Well according to the study, those that disappeared were more likely to anyway because statistically those with “higher rebelliousness” or “lower parental support scores” were not going to complete the study at T2. But they did add 434 results from T2 only, and of course using computational models and statistics predicted the results of the missing 1036.
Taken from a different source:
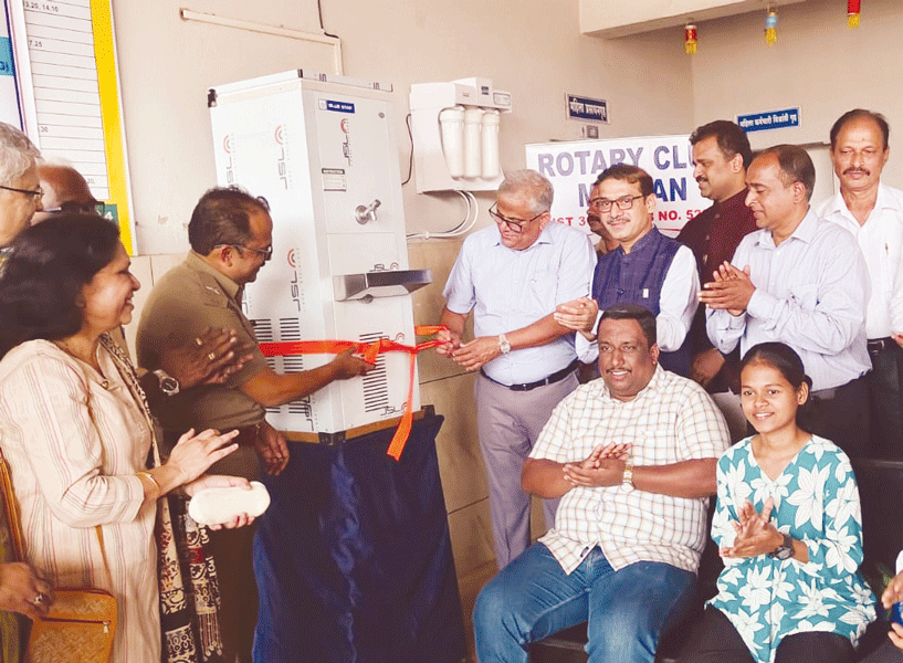 A water purifier, along with a cooler, was installed at the Malvan main bus stand. PDG Sangram Patil, AG Prashant Kolte, club president Pankaj Pednekar and event chair Mahadev Patkar were present. The water kiosk will benefit over 250 commuters a day.

So a large proportion of the baseline (T1) participants did not complete T2. The major flaw here is that by adding an entirely new set of participants (which of course begs the question why were these additional 434 not in T1 in the first place) the researchers didn’t exactly follow the same sample throughout the course of the study.
Other flaws include, multiple testing – a lot of parameters were compared, each looking for a statistically significant result, which on such a fractured sample would only inflate the likelihood of finding a result when there isn’t one.
The authors note that the measure of e-cigarette “use” is relatively simple by defining “use” as used “once or twice” and they also state:
As in most longitudinal studies, there was attrition from the baseline sample
A substantial portion of the T1 participants were not present or included in the T2 interval (~44% missing) but
we demonstrated that findings were similar for complete-case and full-information analyses that included variables related to attrition.
By computational models to predict the likely answers from the missing T2 data and including an additional 434 sets of answers from T2 only. In effect, this study isn’t essentially a longitudinal study it’s more along the lines of a snapshot (cross-sectional) study with only 1302 participants common to both data sets.
The authors also note that there were errors in the data itself, specifically in classification of “smoking reports”, and as noted:
the rate of cigarette smoking was relatively low in this population, and the majority of T1 e-cigarette ever-users did not transition to cigarette smoking over a 1-year period.
So, the sample had a “relatively low” smoking prevalence and that the majority of e-cigarette users present at T1 did not transition to tobacco, yet by adding other parameters such as age, ethnic origin and rebelliousness the authors could “predict” that e-cigarette users would indeed transition.
It is worth noting that Hawaii also has a higher than average e-cigarette prevalence rate among youth (~31%) which is probably why the sample for this study was taken from there.
What the paper adds is insignificant as it cannot truly be classed as longitudinal in nature, had they reported only on the 1302 participants that remained, the figures would have been substantially different – around 8% for e-cigarettes and 4% for tobacco at both time points.